That Israel is carrying out ethnic cleansing and apartheid against Palestinians is not even a controversial point. Amnesty International, Human Rights Watch, and B’Tselem have each documented the evidence, as have numerous scholars and analysts.
In the sort of best-case scenario Western reports, news consumers are presented with a kind of misguided balance—they are given apparent suggestions that the violence in Israel-Palestine is essentially tit-for-tat.
Mainstream Western news coverage has generally avoided these key terms, however.
More than anything, perhaps, Palestinian humanity has been downplayed by mainstream Western news media.
Although mainstream outlets have produced reports on Israel’s bombings and the Palestinian casualties they have caused, these stories have tended to downplay the severity of the attacks by subtly legitimizing them through a heavy reliance on Israeli sources and an overarching “Palestinian terrorism” frame.

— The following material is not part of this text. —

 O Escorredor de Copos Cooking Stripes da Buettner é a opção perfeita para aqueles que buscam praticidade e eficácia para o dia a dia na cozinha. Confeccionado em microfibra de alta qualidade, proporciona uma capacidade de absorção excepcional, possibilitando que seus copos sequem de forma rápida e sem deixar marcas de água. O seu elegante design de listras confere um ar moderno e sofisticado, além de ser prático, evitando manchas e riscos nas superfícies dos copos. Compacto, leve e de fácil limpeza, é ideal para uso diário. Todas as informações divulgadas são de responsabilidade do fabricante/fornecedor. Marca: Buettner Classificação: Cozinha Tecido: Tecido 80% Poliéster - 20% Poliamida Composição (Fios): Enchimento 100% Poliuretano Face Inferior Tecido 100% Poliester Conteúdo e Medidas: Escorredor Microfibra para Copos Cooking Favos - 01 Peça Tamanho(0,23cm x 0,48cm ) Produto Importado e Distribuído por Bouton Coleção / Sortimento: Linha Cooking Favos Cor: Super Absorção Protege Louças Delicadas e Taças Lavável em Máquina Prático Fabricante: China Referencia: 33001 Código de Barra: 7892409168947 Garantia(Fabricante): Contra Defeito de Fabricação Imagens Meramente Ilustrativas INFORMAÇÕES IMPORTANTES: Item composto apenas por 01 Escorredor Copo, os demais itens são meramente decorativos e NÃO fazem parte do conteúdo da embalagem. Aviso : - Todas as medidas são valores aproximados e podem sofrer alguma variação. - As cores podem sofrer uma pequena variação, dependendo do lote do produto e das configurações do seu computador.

For example, an October 10 report published in USA Today used a headline—“Israeli bombing kills hundreds”—that highlighted Palestinian loss of life.
However, the first source cited in the report is the Israel Defense Forces (IDF), mentioned in the report’s second sentence.

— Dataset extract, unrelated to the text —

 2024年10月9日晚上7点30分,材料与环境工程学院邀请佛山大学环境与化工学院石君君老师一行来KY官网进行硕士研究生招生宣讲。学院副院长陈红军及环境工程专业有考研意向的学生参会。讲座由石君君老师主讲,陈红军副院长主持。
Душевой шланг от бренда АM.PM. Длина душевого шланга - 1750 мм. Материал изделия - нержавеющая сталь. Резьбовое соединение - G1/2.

The IDF-provided information highlighted the fact that “Hamas militants crashed through a barrier and launched an invasion that saw over 1,000 Israelis killed or kidnapped.”
The first mention of Palestinian casualties comes in the article’s fourth sentence and is sourced by an Israeli lieutenant colonel, who “said the bodies of 1,500 [Palestinian] militants were found around southern Israel.”
Overall, the report relied on four Israeli sources compared with just two Palestinian sources.
Also, consistent with past reporting associated with earlier waves of violence in the conflict, far more emphasis has been placed on Israeli mourning, sadness, and fear than Palestinian. When the dust settles on the empirical analyses, there is almost no question that there will be more such images of Israelis than Palestinians, and this will be despite an inevitably far greater Palestinian death toll.
The CNN Instagram account, followed by nearly 20 million people, provides a useful illustration.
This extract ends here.